I had several federal student loans and recently consolidated them into a private consolidation loan. I am still struggling to pay my student loans and other debts. If I file for bankruptcy, can I discharge the private consolidation loan?
Consolidation loans, where you refinance one or more student loans, are subject to the same rules in bankruptcy as regular student loans. This is true for both federal consolidation loans and private consolidation loans. You cannot wipe out these loans in bankruptcy unless you demonstrate to the court that to repay them would cause you undue hardship.
There is one possible exception, however. If your new consolidation loan includes debts other than student loans, it might be dischargeable without having to meet the undue hardship test.
Many student loan borrowers refinance their student loans in order to get a better interest rate or to get out of default. You can consolidate one or more loans into a federal Direct consolidation loan (there are a few restrictions as to the types of loans you can consolidate into this program), or you can consolidate using private financing. (Learn more about student loan consolidation, including who is eligible and the pros and cons of such loans.)

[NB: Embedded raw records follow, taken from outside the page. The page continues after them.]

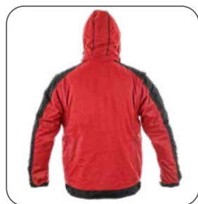
zadní strana zadná strana back side z tyłu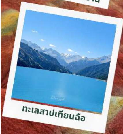
ทะเลสาปเทียนฉือ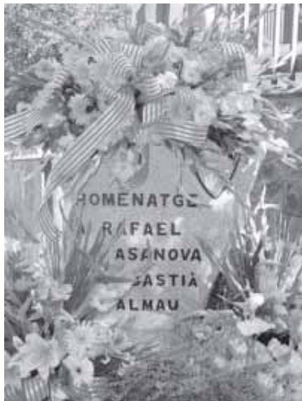
EL MONOLIT GAURNIT DE FLORS PELS PARTITS POLÍTICS DE TEIÀ

precisament per donar relleu a actes com el que aquest que ens ocupa.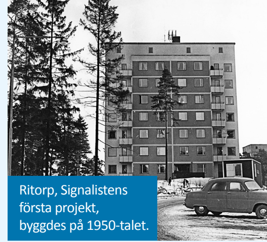
Ritorp, Signalistens första projekt, byggdes på 1950-talet.

1973 står det nya bostadsområdet i Hagalund färdigt i Bergshamrabyggens regi. Trots protester revs den gamla bebyggelsen och de karakteristiska blå höghusen restes. Området kallas Blåkulla och är i dag klassat som kulturmiljö av nationell betydelse, men har genom åren dragits med dåligt rykte och sociala problem. De första åren orsakas drygt hälften av underhållskostnaderna av vandalisering. Kalkylen för Bergshamrabyggen går inte ihop och bolaget är nära konkurs. För Signalisten är situationen omvänd då planerna och investeringen i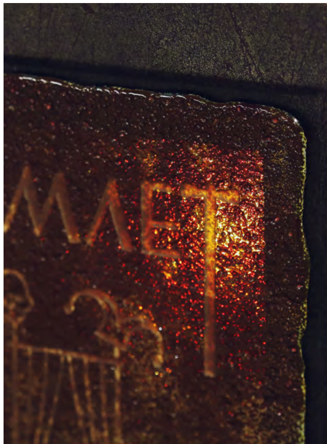
ДЕТАЛЬ: На передней крышке переплёта — вставка из стекла кроваво-красного цвета, на которой выгравированы трон, шпага, кубок, череп и шутовской колпак.

Каждый экземпляр пронумерован и подписан художником и издателем. Экземпляр № 1 хранится в собрании Государственного Эрмитажа.

Student loans can be wiped out in bankruptcy only if you can demonstrate to the court that to repay them would cause undue hardship to you and your dependents. The undue hardship test is not an easy one to meet. Different courts use slightly different criteria. (To learn about the different factors courts review in determining undue hardship, visit our Student Loans and Bankruptcy topic area.)
The undue hardship test applies to both federal loans (those loans made or guaranteed by the federal government) and private student loans. This is a change from the past – prior to 2005, private student loans were dischargeable in bankruptcy without having to meet the undue hardship test. A consolidation loan that simply replaces your previous student loans is considered to be a “qualified educational loan” that is subject to the student loan discharge rules. (Learn more about private student loans in bankruptcy.)
There might be an exception if your consolidation loan paid off student loans and other types of debt not related to your education. These types of loans are called “mixed use loans,” and an argument can be made that they don’t fit within the definition of a “qualified educational loan.” This is because to be a qualified educational loan for purposes of bankruptcy, a refinanced loan must include debt incurred “solely to refinance a qualified educational loan.”
If you think your private consolidation loan is a mixed use loan, consult with a local bankruptcy attorney with experience in student loan issues to get advice.
If you get a private consolidation loan to pay off only student loan debt, you won’t receive any advantage in bankruptcy since you’ll have to meet the same discharge standard as that for federal loans and federal consolidation loans. But there are numerous pitfalls with private consolidation loans. For example, if you consolidate federal loans into a private loan, you won’t be eligible for the flexible repayment programs and other student loan debt relief options available for federal loans. If you want to consolidate your student loans, consider a federal Direct consolidation loan first.